I met up with one of my peeps for lunch the other week.  We’re chatting about stuff, then we started talking about coding.  We have a nice rivalry – I’m very much about the “art and craft” of software engineering, and he’s all about using the latest/greatest to build stuff.  I call B.S. on his shinny new, and he calls B.S. on my old and crusty.

Me: “Dependency Injection used to be your jammy jam. You told me that my code sucked because I called a constructor directly.  So what’s your newest hotness?”

Peep: “I’m refactoring our code to use interfaces for property bags.”

Me: “Hmm… so you’re using some sort of library/runtime reflection to dynamically realize the interface definition?”

Peep: “No, it’s an interface.”

Me: “Well, an interface defines the contract, not the implementation details. You need a class for a concrete implementation of the interface definition.”

Peep: “Oh, that’s what you mean.  Yes.”

Me: “Dude, you’ve got all these wiz-bang things that are auto-code generating, or sucking type definitions from a config file to use for injection.  There’s so much magic going on, you can’t just look at the code to easily tell what’s going on. What about the dude/dudette that will come after you to work on this code?”

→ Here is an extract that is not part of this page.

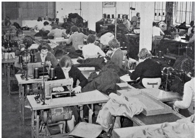
Een overzicht van het atelier in 1957

Er werd een regeling getroffen met vervoersbedrijf de T.E.T. Een buslijn die in de jaren vijftig alleen van Enschede naar Hengelo reed, werd uitgebreid naar Borne. "Nu kan ons personeel uit Hengelo ook mooi op tijd komen", werd genoteerd en dat was belangrijk want er werd nog gewerkt met een prikklok.

Peep: “(Delivered immediately and emotionlessly) That’s not my problem.”

Me: “(Laughing) Well done.”

Peep: “But yeah, I have been thinking about that…”  ‘

Abstraction is good – but when you over-partition or abstract your design, that can become an anti-pattern.  The more mental juggling it takes to understand what’s going on, the bigger the chance of some unintentional bug getting introduced.  K.I.S.S. always wins out.